Research journals are the place where academics announce their results. A proper journal first checks the work with independent experts in a process called peer review, but predatory journals skip this and print anything, muddying the record of what findings scientists can trust.

And a new study in the journal BMC Medicine estimates that there were 420,000 articles published in predatory journals in 2014, up from 53,000 five years ago. These were in 8,000 predatory journals.

By comparison, some 1.4 million to 2 million papers are published in mainstream academic journals annually.

The study by Cenyu Shen and Bo-Christer Bjork of the Hanken School of Economics in Finland says academics in Asia and Africa are widely excluded from publishing in Europe and North America. But it adds that the authors who publish their work in bogus journals share blame.

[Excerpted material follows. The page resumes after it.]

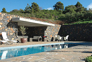 Das Entwurfskonzept stellt eine klare Antwort auf die örtliche Topographie und landschaftliche Umgebung dar. Die Gebäudeform öffnet sich in einer weiten Geste zum Meer im Westen und zum naturbelassenen Abhang auf der Ostseite. Die ebenfalls von den Architekten gestalteten Außenanlagen setzen diesen Ansatz fort und verbinden die natürliche Flora und Fauna mit der feinen Abstufung von geschwungenen Terrassen, Mauern und Gärten. Ein Swimmingpool mit Pavillon rundet die Funktionen in der freien Natur ab.
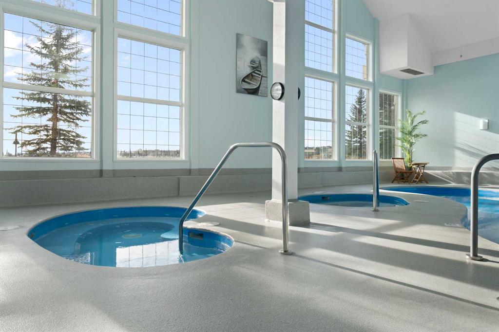 Welcome to Country Estates on the Cove, a well-managed 40+ adult community offering an exceptional blend of comfort, convenience, and resort-style amenities. This bright corner unit with 2 bedrooms and 2 full bathrooms is quite spacious with over 1300 sq ft of air conditioned living space. This former show home features a thoughtfully designed layout and includes one titled underground parking stall along with an assigned storage locker. Inside, the welcoming entryway opens into a spacious open-concept living and dining area, where a cozy fireplace creates an inviting atmosphere. Laminate flooring flows throughout the main living spaces, enhancing the home’s clean and modern feel. The kitchen is both functional and welcoming, with a corner pantry, a newer microwave and a breakfast bar, ideal for casual dining or entertaining. The primary bedroom offers a relaxing retreat with plenty of room to unwind with a large walk-in closet with built-in organizers. The lovely private 3 piece ensuite has an oversized walk-in shower and lots of counterspace and storage. The second bedroom is generously sized and located near the 4-piece main bathroom, perfect for guests or a home office. A spacious laundry room includes a stackable newer washer and dryer and ample storage space. Residents of Country Estates on the Cove enjoy access to an impressive array of amenities, including a fully equipped fitness centre, indoor pool, hot tub, recreation rooms, games area with billiards & shuffleboard, a bowling alley, theatre/movie room, libraries, woodworking shop, and crafts room. Guest suites are available for visiting family and friends, and the buildings also offers several elevators and a convenient car wash bay. Ideally located near shopping, parks, ponds, green spaces, and scenic walking paths, with easy access to Deerfoot Trail, Stoney Trail, public transit, and the airport, this home offers low-maintenance living in a welcoming, amenity-rich community. This is the perfect retirement home without sacrificing space!

“We believe that most authors are not necessarily tricked into publishing in predatory journals; they probably submit to them well aware of the circumstances and take a calculated risk that experts who evaluate their publication lists will not bother to check the journal credentials in detail. Hence we do not uncritically see the authors as unknowing victims,” they write.

“The universities or funding agencies in a number of countries that strongly emphasize publishing in ‘international’ journals for evaluating researchers, but without monitoring the quality of the journals in question, are partly responsible for the rise of this type of publishing.”

The study cites research on predatory publishing by the Ottawa Citizen, among others.

An anonymous staffer at the Journal of Spectroscopy and Molecular Physics replied to questions by email, saying unknown hackers sabotaged the website months ago with inaccurate information about the editorial board. The staffer says the journal has been unable to remove the posts.

He or she acknowledges that repeated inferences the journal is part of the Elsevier science publishing house are also inaccurate.